Equations (1) and (2) are similar due to the fact the time period of second order in Q’,
i.e.,Q’²/2C , is negligible, as Q’ is arbitrarily small. The overall work done (W) is the sum of the small works

(W) over the very large range of steps concerned in constructing the charge Q’ from 0 to Q .

W=∑∂W

=∑(1/2C)[(Q’+Q’)²-Q’²]………..(3)

=(1/2C)[(∂Q’²-0)+(2∂Q’)²-∂Q’²]+(3∂Q’)²+………(∂Q²-(Q-∂Q’)²)……..(4)

=(1/2C)[Q²-0]=Q²/2C…….(5)

We can get the same result from Eq. (1) using integration,br>

W=₀∫^QQ’/C Q’=₀∫^Q1/C Q’²/2=Q²/2C

We can write the Eq. (5) in multiple ways,

W=Q²/2C=1/2 CV²=1/2 QV……..(6)

As we know that electrostatic force is conservative, the work done is stored in the form of potential energy. Also, the work done is independent of the manner in which the charge setup of the capacitor is built. When the capacitor is discharged, the stored energy is released. We can easily see that the potential energy of the capacitor is stored between the two plates of the capacitor setup.
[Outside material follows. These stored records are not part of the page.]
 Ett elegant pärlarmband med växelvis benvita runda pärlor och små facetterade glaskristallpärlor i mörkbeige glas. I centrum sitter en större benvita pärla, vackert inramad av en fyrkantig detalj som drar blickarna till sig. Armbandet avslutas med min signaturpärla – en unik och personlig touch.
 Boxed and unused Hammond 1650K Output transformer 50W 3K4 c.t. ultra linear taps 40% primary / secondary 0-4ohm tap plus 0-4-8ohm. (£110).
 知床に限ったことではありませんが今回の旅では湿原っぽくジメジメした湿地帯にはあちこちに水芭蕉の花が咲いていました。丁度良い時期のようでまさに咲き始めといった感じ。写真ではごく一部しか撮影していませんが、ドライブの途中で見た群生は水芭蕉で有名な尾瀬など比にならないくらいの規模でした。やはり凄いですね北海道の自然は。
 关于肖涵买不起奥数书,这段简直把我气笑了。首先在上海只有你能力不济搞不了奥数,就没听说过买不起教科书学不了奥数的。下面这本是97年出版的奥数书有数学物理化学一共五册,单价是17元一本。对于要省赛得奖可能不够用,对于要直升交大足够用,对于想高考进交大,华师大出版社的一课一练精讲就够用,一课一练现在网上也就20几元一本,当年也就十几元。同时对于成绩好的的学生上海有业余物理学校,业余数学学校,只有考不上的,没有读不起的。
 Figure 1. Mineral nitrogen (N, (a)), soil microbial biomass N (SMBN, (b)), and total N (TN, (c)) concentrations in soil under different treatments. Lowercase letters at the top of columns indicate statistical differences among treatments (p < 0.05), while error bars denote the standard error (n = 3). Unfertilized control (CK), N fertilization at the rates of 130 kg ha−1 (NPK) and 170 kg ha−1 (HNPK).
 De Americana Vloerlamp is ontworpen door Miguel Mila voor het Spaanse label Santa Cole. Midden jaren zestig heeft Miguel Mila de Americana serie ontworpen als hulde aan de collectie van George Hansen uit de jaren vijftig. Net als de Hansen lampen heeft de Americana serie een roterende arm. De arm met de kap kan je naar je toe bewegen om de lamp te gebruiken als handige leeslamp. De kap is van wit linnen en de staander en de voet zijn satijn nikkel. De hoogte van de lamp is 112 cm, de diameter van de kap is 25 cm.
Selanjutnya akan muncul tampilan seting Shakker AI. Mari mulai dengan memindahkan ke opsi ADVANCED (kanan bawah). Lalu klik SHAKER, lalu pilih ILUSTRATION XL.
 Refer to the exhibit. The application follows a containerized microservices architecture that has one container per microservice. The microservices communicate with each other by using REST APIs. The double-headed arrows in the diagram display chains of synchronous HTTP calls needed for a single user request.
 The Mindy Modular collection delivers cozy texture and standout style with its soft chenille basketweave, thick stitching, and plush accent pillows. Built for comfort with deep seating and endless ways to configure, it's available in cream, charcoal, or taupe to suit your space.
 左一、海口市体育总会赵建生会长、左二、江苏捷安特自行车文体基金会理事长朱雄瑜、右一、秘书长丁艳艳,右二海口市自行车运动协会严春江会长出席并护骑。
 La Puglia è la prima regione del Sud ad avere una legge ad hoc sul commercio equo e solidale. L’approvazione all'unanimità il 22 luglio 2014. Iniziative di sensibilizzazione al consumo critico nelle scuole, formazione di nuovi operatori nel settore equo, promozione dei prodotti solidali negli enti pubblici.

Now let us consider, a parallel plate capacitor having area A each for both the plates and the distance between the plates is d.,br>

Energy stored in the capacitor is

=(1/2)Q²/C=(Aσ)²/2d/∈₀A……….(7)

Here, σ is the surface charge density and E is the electric field between the two plates of the capacitor.

E=σ/∈₀……..(8)

From Eq. (7) and (8), we can say that

Energy stored in the capacitor is

U=(1/2)∈₀E²Ad……..(9)

Conclusion

Capacitors are used to deliver power to a lot of devices, such as defibrillators, microelectronics along with calculators, and flash lamps. The energy contained in a capacitor is the work required to charge the capacitor, starting without a charge on its plates. The electricity is saved within the electric field withinside the area in between the capacitor plates. It relies upon the quantity of electrical charge at the plates and at the potential difference between the plates. The energy contained in a capacitor system is the sum of the energies contained on each capacitor withinside the system. It may be computed because the energy contained withinside the equal capacitor of the system.